Siri AI Refinements Continue, But Slowly
iOS 27's headline feature remains Siri AI, the redesigned assistant unveiled at WWDC 2026 that brings a dedicated app, Dynamic Island integration, and chatbot-style capabilities. Beta 2 does not overhaul Siri again. Instead, it delivers what MacRumors and 9to5Mac both characterized as incremental refinements.
The "Write with Siri" button, which replaced the old Writing Tools prompt, now appears above the keyboard in Notes, Mail, and Messages by default. In beta 1, that tool only surfaced after selecting text, so this is a discoverability fix rather than a new capability.
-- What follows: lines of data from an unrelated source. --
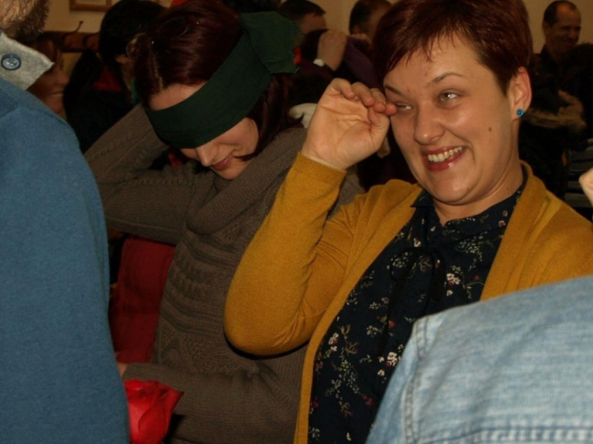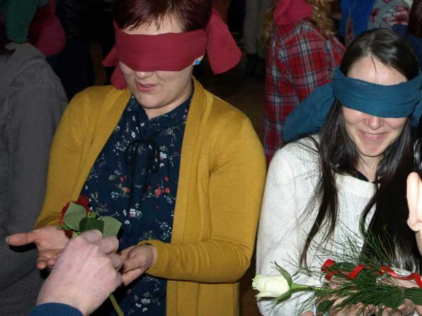 Ezt követően körjáték keretében bekötötték az édesanyák szemét, s amikor a kendő lekerült, minden hölgy előtt ott állt a férje, aki egy szál rózsával vallott szerelmet és mondott köszönetet élete párjának.
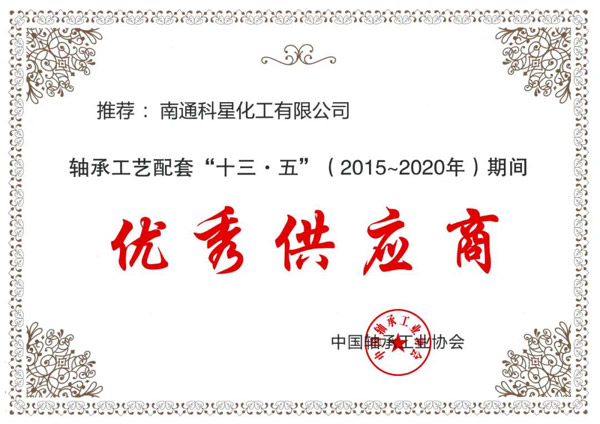 南通科星化工有限公司喜獲中國軸承工業協會“工藝配套優秀供應商”稱號
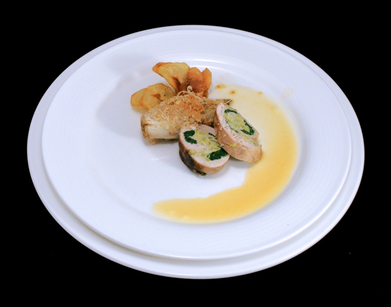 Gevulde parelhoenborst met een sinaasappelsaus en witlof in trappistenbiersaus
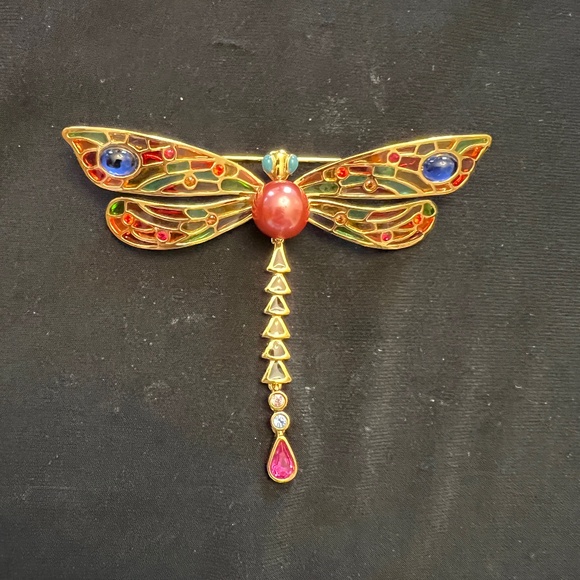 dragon fly pin with stones, 3 and 3 quarter wide by 3 inches long
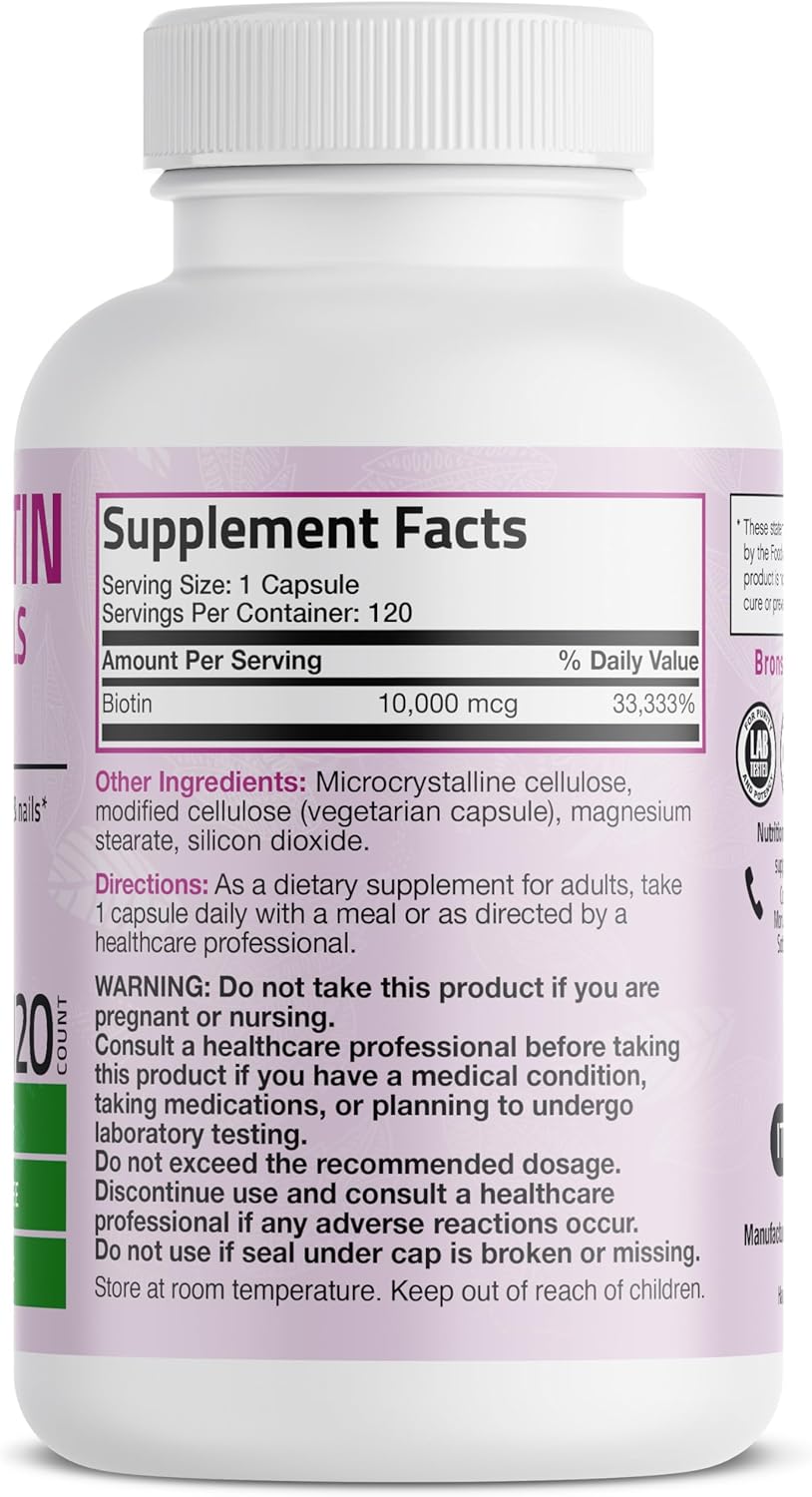 Bronson Ultra Biotin 10,000 Mcg Hair Skin And Nails Supplement, Non-Gmo, 120 Vegetarian Capsules
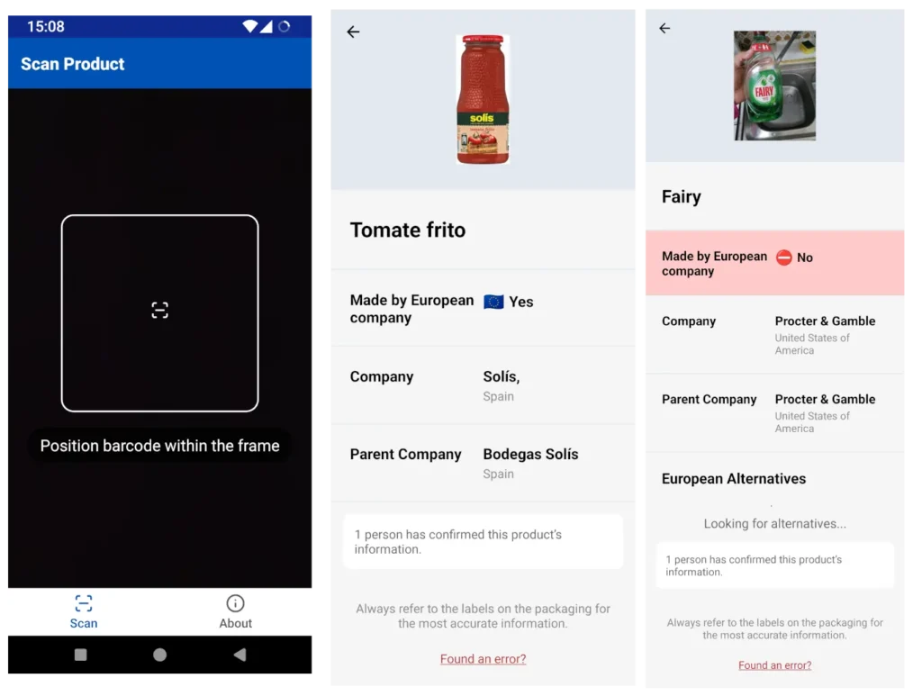 Me he encontrado una app para Android (aunque hay varias) que permite comprobar si un producto está fabricado por empresas europeas… Buy European
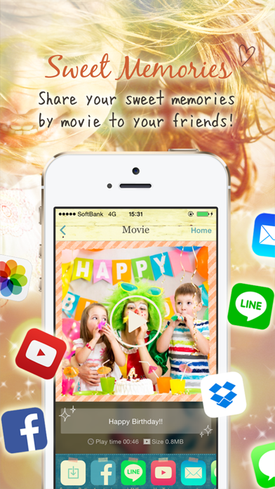 Sweet Movies is a video editing app offering a high level of functionality and which can be used easily with only one hand. This app is very easy to use. Just select multiple photos from your camera roll, verify the results using the preview functionality, and then output the final video. With these easy steps you can create your very own original movies. Sweet Movies also provides the usual standard functionality, offering the following features which allow you to add in videos, view them, and more. Right, let's turn your memories into videos!

Apple also labeled an "Expressive Voice" preview as "coming soon" inside Siri settings, suggesting that feature is still being held back from testers. A new Visual Intelligence toggle for Highlight to Image Search appeared too, off by default, with Apple warning that enabling it sends images to third parties.
Bloomberg's Mark Gurman has reported separately that Apple's WWDC marketing graphics hinted at further design direction for Siri, reinforcing that the assistant's rollout will continue in stages through the public beta and into the fall release.
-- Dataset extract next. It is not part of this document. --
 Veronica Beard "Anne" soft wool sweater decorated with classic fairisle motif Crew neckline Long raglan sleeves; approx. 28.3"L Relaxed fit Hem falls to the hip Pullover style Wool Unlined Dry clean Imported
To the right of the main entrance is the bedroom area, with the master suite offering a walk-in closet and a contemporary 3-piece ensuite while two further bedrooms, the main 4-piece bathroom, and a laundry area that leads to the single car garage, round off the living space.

\Stability Fixes Address Beta 1 Complaints
Beta 2 resolves several issues that frustrated early testers. HomeKit accessories, including Philips Hue lights, that stopped responding after installing iOS 27 and tvOS 27 are now fixed. iPhone Mirroring in macOS, which had bugs in beta 1, also received improvements.
According to MacRumors forum discussions among beta testers, an "indexing" message that lingered for days after installing beta 1 disappeared after the beta 2 update completed, with one user noting the system message changed to "Optimizing Search and Siri."
Smaller Changes Worth Tracking
Several minor adjustments rounded out the release. AirPods Max 2 can now update their firmware. Light blue text in the Weather app was brightened for readability. Wallet's Create a Pass feature gained texture options for colors, and yellow highlights now appear around camera tools when features like exposure adjustment are active.
Apple is also discontinuing AirPort Utility from the App Store with iOS 27. Existing downloads will still work, but Apple warns that "functionality is not guaranteed" going forward, effectively closing the book on hardware Apple stopped selling years ago.
Why This Beta Matters More Than It Looks
Beta 2 lacks a single blockbuster feature, and outlets covering it have largely agreed it is a refinement release rather than a showcase one. But the pattern across Wallet, Home, Messages, and Siri tells a consistent story: Apple is hardening the infrastructure underneath iOS 27's AI ambitions before the public beta arrives in July.
That sequencing matters. Siri AI is the feature Apple is staking its fall marketing on, and a buggy foundation would undercut that pitch the moment millions of public beta testers start poking at it. Stability-first betas are not unusual for Apple, but the emphasis this cycle is more pronounced given how much scrutiny Siri AI has already drawn since WWDC.
What Comes Next for iOS 27
iOS 27 supports iPhone 11 and later, including the iPhone SE 2nd generation, though Siri AI and other Apple Intelligence features require newer hardware. Apple will continue beta testing through the summer, with a public beta expected in July and the full release arriving in September alongside the next iPhone lineup.
Developers testing beta 2 should expect bugs, battery drain, and app compatibility issues typical of early-stage software. Apple has not signaled a beta 3 timeline, but its typical cadence points to another developer build within two to three weeks.